AI-SSD

Goals & Tasks

Our Mission

The mission of TrustDevSecAI is to advance the security and trustworthiness of DevSecOps pipelines by integrating vulnerability characterization, adversarial evaluation, and AI-assisted trustworthiness assessment into Continuous Integration and Continuous Deployment (CI/CD) workflows. The project aims to strengthen automated software delivery environments under realistic development, security, and attack conditions.

Objectives

Objective 1

Apply Orthogonal Defect Classification (ODC) to vulnerabilities affecting CI tools, supported by Large Language Models (LLMs) to analyze defect types, qualifiers, and root causes in a structured and reproducible manner.

Objective 2

Evaluate how CI platforms handle intentionally vulnerable applications, assessing their ability to detect, suppress, or ignore security flaws manually injected or generated by LLMs across representative workloads.

Objective 3

Benchmark CI tools under Poisoned Pipeline Execution (PPE) scenarios by constructing realistic and reproducible attack loads derived from documented security advisories.

Objective 4

Characterize source code trustworthiness within CI/CD pipelines using LLM-based assessments of security, reliability, and maintainability, enabling automated pipeline decisions based on predefined trustworthiness thresholds.

Tasks

ODC-based Vulnerability Characterization

Collection and analysis of CI-tool vulnerabilities from public advisories, CVE databases, and issue trackers. Vulnerabilities are classified using Orthogonal Defect Classification, with LLM support and human-in-the-loop validation, producing a structured and reusable dataset.
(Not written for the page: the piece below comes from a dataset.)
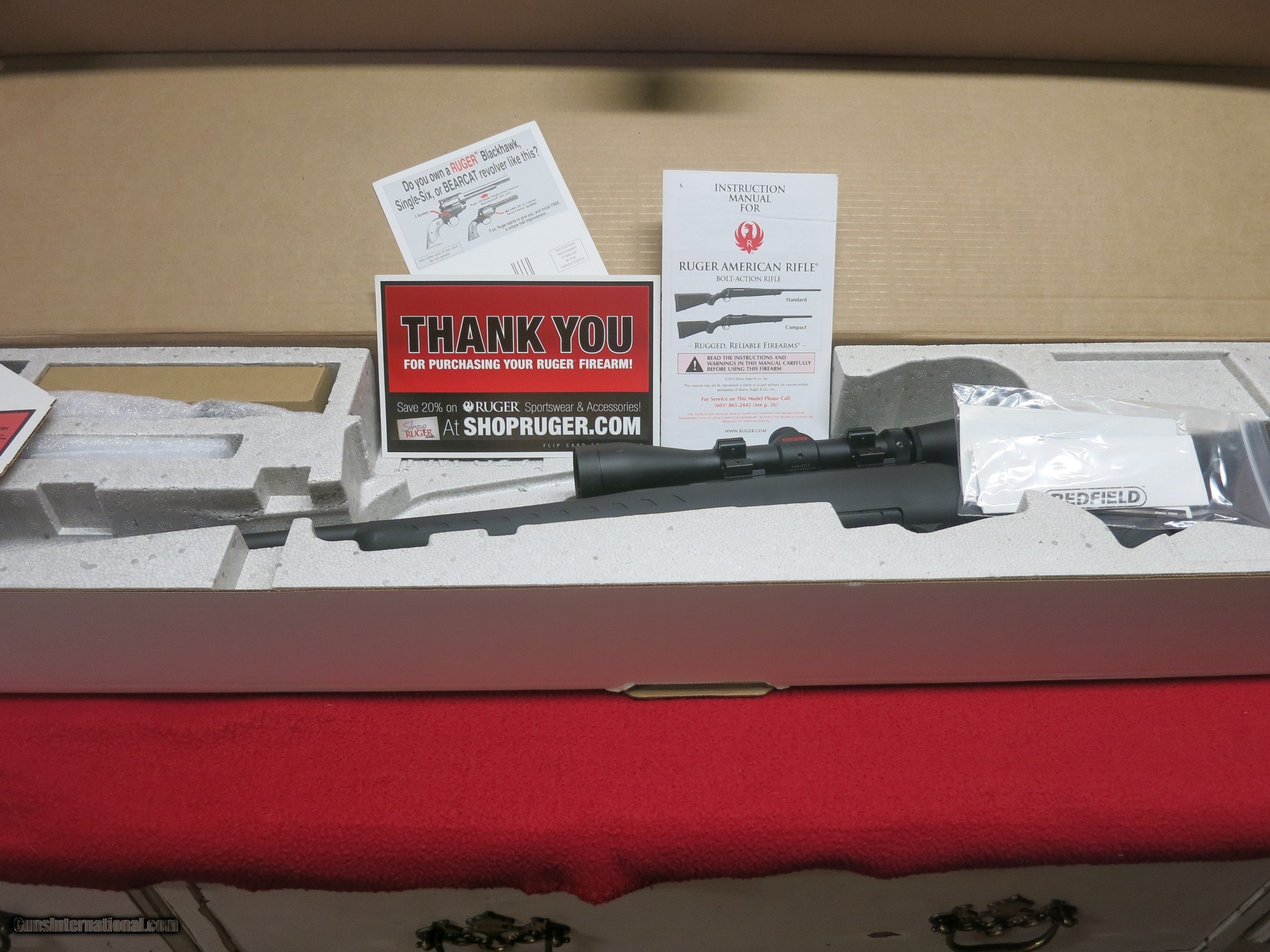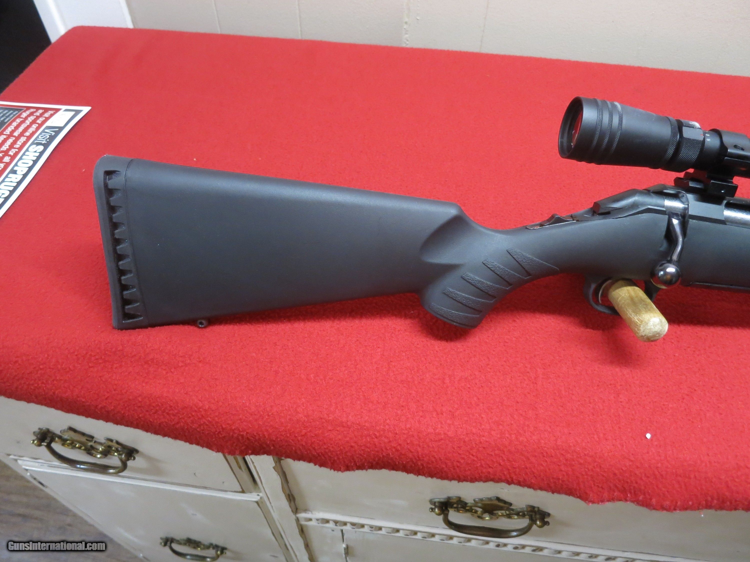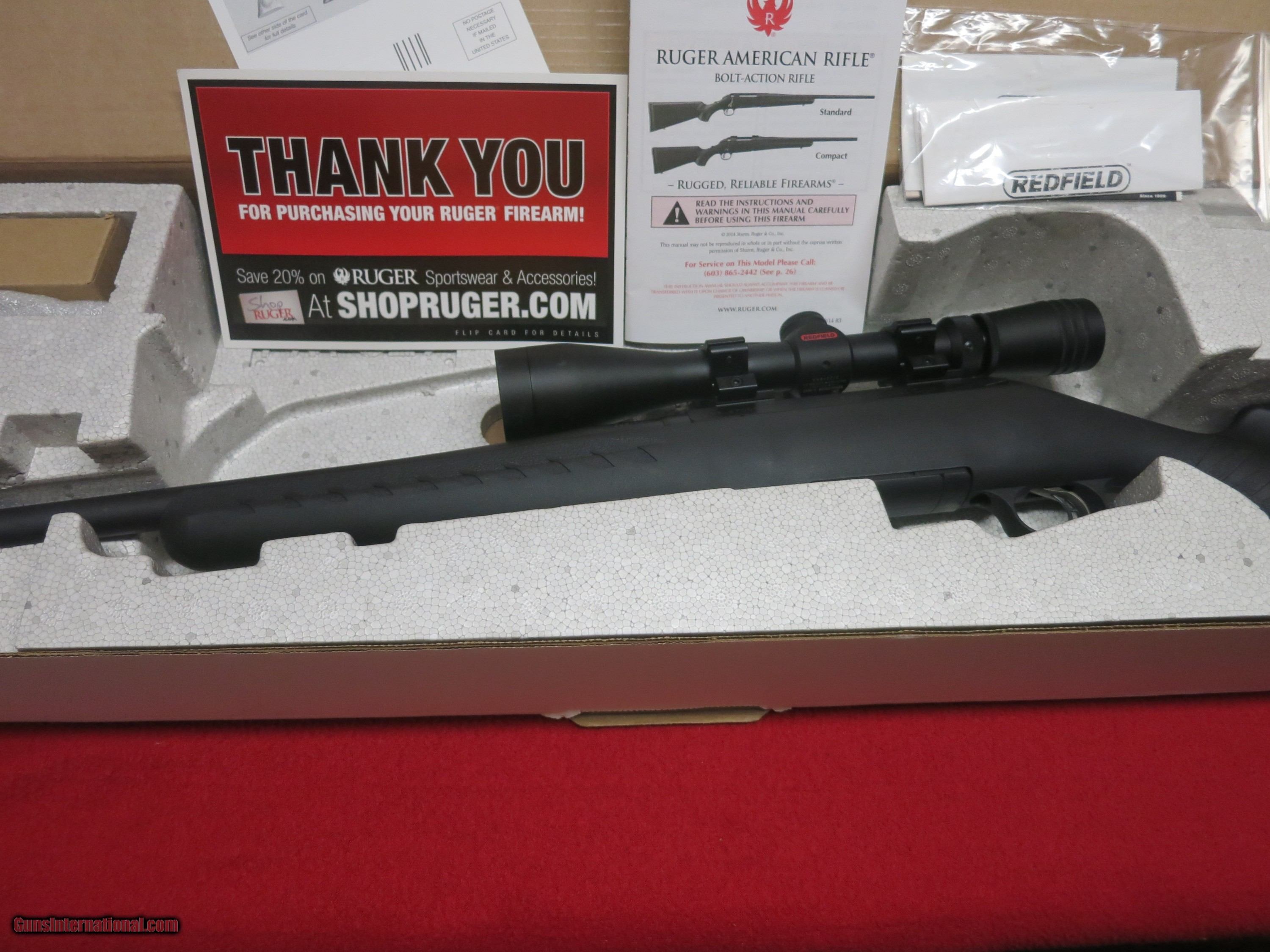 Description: RUGER AMERICAN ANIB IN .223 CAL. EXCELLENT CONDITION. MAY NEVER HAVE BEEN FIRED. 22" BARREL WITH EXCELLENT BORE. NEAR 100% MATTE BLUE FINISH ON THE BARREL & RECEIVER. BLACK COMPOSITE STOCK WITH ROUGH TEXTURE GRIP POINTS. HAS SLING STUDDS AND BLACK RUBBER BUTT PAD. COMES FITTED WITH A REDFIELD 3x-9x SCOPE WITH DUPLEX RETICLE & CLEAR OPTICS. CALL OR E-MAIL WITH QUESTIONS; SOLD |

CI Tools Handling Vulnerable Applications

Assessment of how major CI platforms process intentionally vulnerable applications, including integration of security tools and evaluation of vulnerability detection effectiveness under realistic development conditions.

Benchmarking CI Tools under PPE

Design and execution of reproducible Poisoned Pipeline Execution scenarios based on real-world security advisories, enabling comparative evaluation of CI platforms in terms of resilience, logging, and default security posture.

LLM-based Trustworthiness Assessment

Integration of LLM-based trustworthiness evaluation into CI/CD workflows, assessing source code along the dimensions of security, reliability, and maintainability, and studying the impact of trustworthiness thresholds on automated pipeline decisions.